The Mekong Turtle Conservation Center (MTCC) is located at the beautiful and historic pagoda. The MTCC was opened by Conservation International to increase the wild population of the endangered. It is an establishment for the conservation of the endangered Cantor’s Giant Softshell Turtle and is one of the popular tourist attractions among the travelers in Kratie, where people can take up Turtle conservation tours to see the hatchlings grow.

Cantor’s giant softshell turtle, known as the “frog-faced turtle,” is found in a wide-ranging area, from Bangladesh in the west to the Philippines in the east, but only in a 30-mile strip of the Mekong River in northern Cambodia. The turtles were once plentiful here, but decades of people harvesting their eggs for food caused the population to plummet so much that the species was thought to have disappeared completely. It was only in 2007 that it was re-discovered in Cambodia.

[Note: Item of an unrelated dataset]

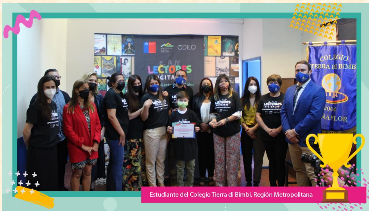
Estudiante del Colegio Tierra di Bimbi, Región Metropolitana

Para inscribirse, ingresar aquí , indicando el día del evento.

After Cantor’s giant softshell turtle was re-discovered in 2007, the Cambodian Department of Fisheries partnered with nonprofit Conservation International and the World Wildlife Fund to start a community-led nest protection program. And a few years later, Conservation International established the Mekong Turtle Conservation Center in Sambor, on the temple grounds of Wat Sorsor Moi Roi. It has served as a head-start facility for the turtles, with hatchlings gathered from natural nests along the river and kept indoors for 10 months before being released back into the wild.